7. The Type of Ground Truth Used

NCCLS frozen Reference Panel. This is a standardized, recognized method for determining antimicrobial susceptibility, serving as the gold standard for comparison in this type of device submission.

8. The Sample Size for the Training Set

Not applicable. This document describes a 510(k) for an updated version of an existing device (MicroScan® rapID/S plus™), not a de novo submission of a novel algorithmic device that would typically involve a distinct "training set" in the context of machine learning. The "training" in this context would likely refer to the initial development and validation of the broader MicroScan system and panel technology. The current submission focuses on the performance of a specific antimicrobial (Ceftazidime) on the panel.

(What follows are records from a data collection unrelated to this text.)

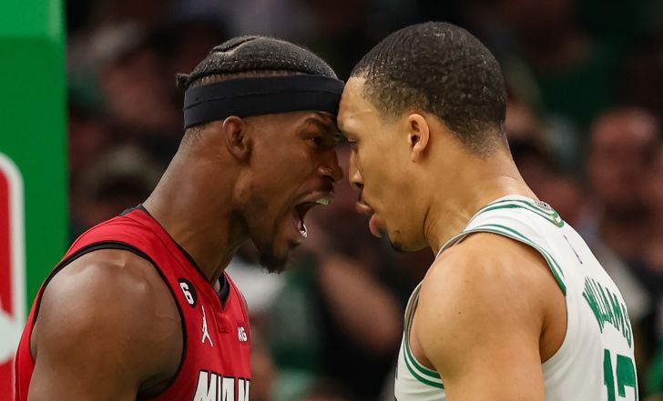 שחקן מיאמי היט ג'ימי באטלר ליד שחקן בוסטון סלטיקס אל הורפורד | אימג'בנק GettyImages, Adam Glanzman
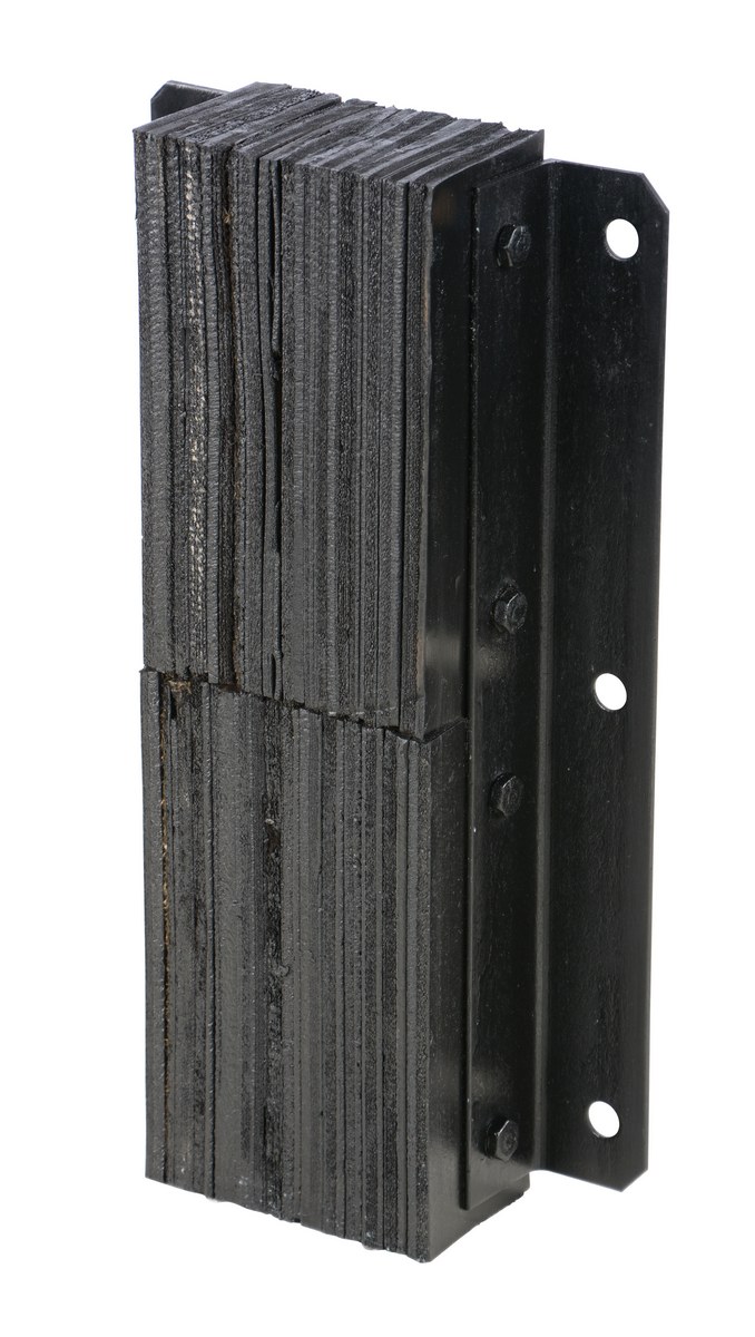 The laminated Dock Bumper provides durable, economical protection for loading docks and trailers. Unit is constructed of fabric reinforced rubber from recycled truck tires. The pads are laminated between painted structural angles and held together with steel tie rods. Installation is quick and easy by bolting or welding unit to the dock. Width is bolt hole center to bolt hole center. The installation hardware is available separately.
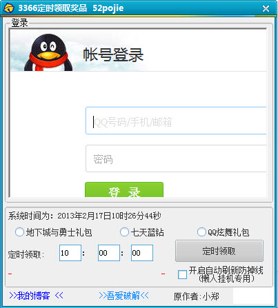 3366定时抢礼包工具 1.0 绿色免费版 3366定时抢礼包工具:定时领取3366奖品,可兑换QQ黑钻 QQ蓝钻 紫钻。
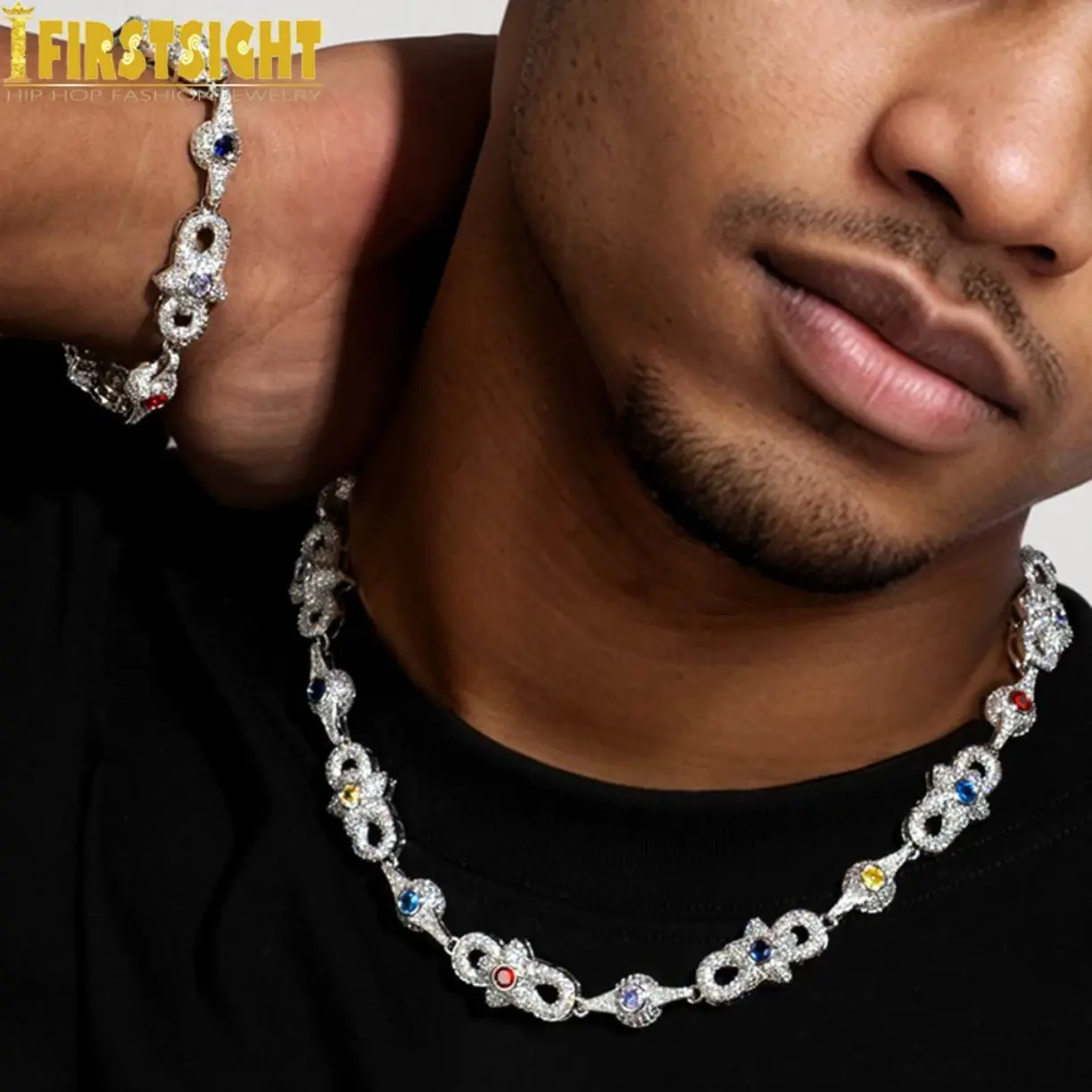 Iced Out Star Eye Moissanite Bracelet Necklace Prong Setting Moissanite Infinity Cuban Link Chain Women Men Hip Hop Fashion Jewelry

9. How the Ground Truth for the Training Set Was Established

Not applicable for the reasons mentioned above. The "ground truth" for the overall system development would have been established through extensive laboratory testing and validation against recognized reference methods (like NCCLS/CLSI standards) during the initial development of the MicroScan technology.